Drivers who undergo a fingerprint background check in the process of securing a hazardous materials endorsement for their commercial driver’s license now are paying a lower fee. The FBI has reduced its fee for the search of its database, and as a result, the cost to the driver has been reduced from $94 to $89.25.

International Hybrid
International Truck and Engine has begun line production of hybrid commercial trucks in the form of the DuraStar Hybrid, a diesel-electric medium-duty truck that offers improved fuel efficiency and reduced emissions. The DuraStar Hybrid’s fuel savings can reach 30 to 40 percent in urban pickup-and-delivery applications and 60 percent or more in utility applications, where equipment such as overhead booms can be run solely on the truck’s battery power without idling, the company said.

SuperRigs Calendar
The Shell Rotella SuperRigs 2008 25th anniversary calendar is now available. Included in this year’s calendar is a DVD that chronicles all three days of the silver anniversary event in Joplin, Mo. Almost 120 working trucks entered the competition, vying for $25,000 in cash prizes and the honor of appearing in the calendar. The calendar also can be purchased online at rotella.com.

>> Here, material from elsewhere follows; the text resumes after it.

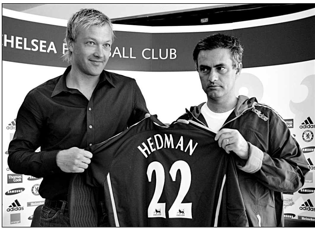
Swedish goalkeeper Magnus Hedman (L) poses with his new shirt alongside coach Jose Mourinho at Chelsea's training ground in Cobham on Friday.

"Playing regular first-team football for the first time in his career will provide him with great experience which can only stand him in good stead."

Largest Kenworth Dealership Opens
Kenworth Sales’ new $13 million, 122,000-square-foot Salt Lake City location is the truck maker’s largest dealership in North America. The new full-service facility includes an indoor showroom and 55 service bays, eight of them dedicated to preventive and express maintenance. Kenworth Salt Lake City includes an indoor truck wash, a fuel island and a body shop with a paint booth. A state-of-the-art driver’s lounge provides wireless Internet access, washers and dryers, vending machines and work space.

California Gets $1 Million in Emergency Funds
The immediate release of $1 million in emergency relief funds to California will help pay for urgent repairs to roads and bridges damaged by wildfires, U.S. Transportation Secretary Mary E. Peters announced Oct. 29. Peters said the $1 million quick release was intended to help California address repairs that need immediate attention, such as damaged or destroyed guardrails, signs or traffic signals, and to get essential sections of the highway system working again until the state completes a full assessment of the damage.

Caterpillar Gets J.D. Power Award
Caterpillar’s pickup and delivery heavy-duty engines have received the J.D. Power and Associates Award for top customer satisfaction. Caterpillar received the highest numerical score among pickup and delivery (daycab) heavy-duty diesel engines in J.D. Power’s 2007 Heavy-Duty Truck Engine/Transmission Study, which was based on 2,677 primary maintainers of 2-year-old Class 8 trucks weighing 33,000 pounds or more.